#### Exercise directions:
Exactly reproduce the lines from the line bearing "Shabby chic with" through the end of the listing, inclusive of both; pictures are to be omitted.

#### Supplied material:
▽
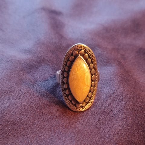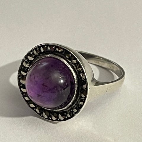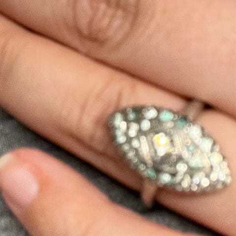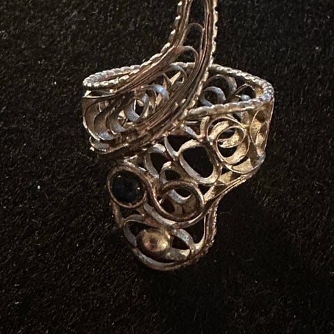Selger en liten sølv ring ( passer på min lillefinger) usikker på størrelse og usikker på om det er sten . Denne er i en gammel art deco stil .
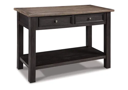 Shabby chic with a hint of down-home country, the Tyler Creek sofa table is all the talk of today’s design world. Wood grain shows through the weathered gray-brown top in all of its earthy pleasure. And the framed drawers, adorned with lovely traditional hardware, make it easy for you to store your belongings in style.
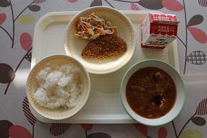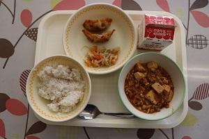 今日の給食は、麦ごはん、牛乳、マーボー豆腐、やさいとはるさめのオイスターソースいため、さつまいもチップスです。マーボー豆腐は中国四川省で生まれた有名な豆腐料理です。中国のマーボー豆腐は、トウバンジャンや山椒など辛い調味料を多く使うのでとても辛いです。給食のマーボー豆腐は、主に赤みそやケチャップで味をつけるのであまり辛くありませんが、トウバンジャンを少し加えたり、にんにく、しょうがなどを使ったりして、本格的に仕上げています。
△
#### Solution to this exercise:
 Shabby chic with a hint of down-home country, the Tyler Creek sofa table is all the talk of today’s design world. Wood grain shows through the weathered gray-brown top in all of its earthy pleasure. And the framed drawers, adorned with lovely traditional hardware, make it easy for you to store your belongings in style.
 今日の給食は、麦ごはん、牛乳、マーボー豆腐、やさいとはるさめのオイスターソースいため、さつまいもチップスです。マーボー豆腐は中国四川省で生まれた有名な豆腐料理です。中国のマーボー豆腐は、トウバンジャンや山椒など辛い調味料を多く使うのでとても辛いです。給食のマーボー豆腐は、主に赤みそやケチャップで味をつけるのであまり辛くありませんが、トウバンジャンを少し加えたり、にんにく、しょうがなどを使ったりして、本格的に仕上げています。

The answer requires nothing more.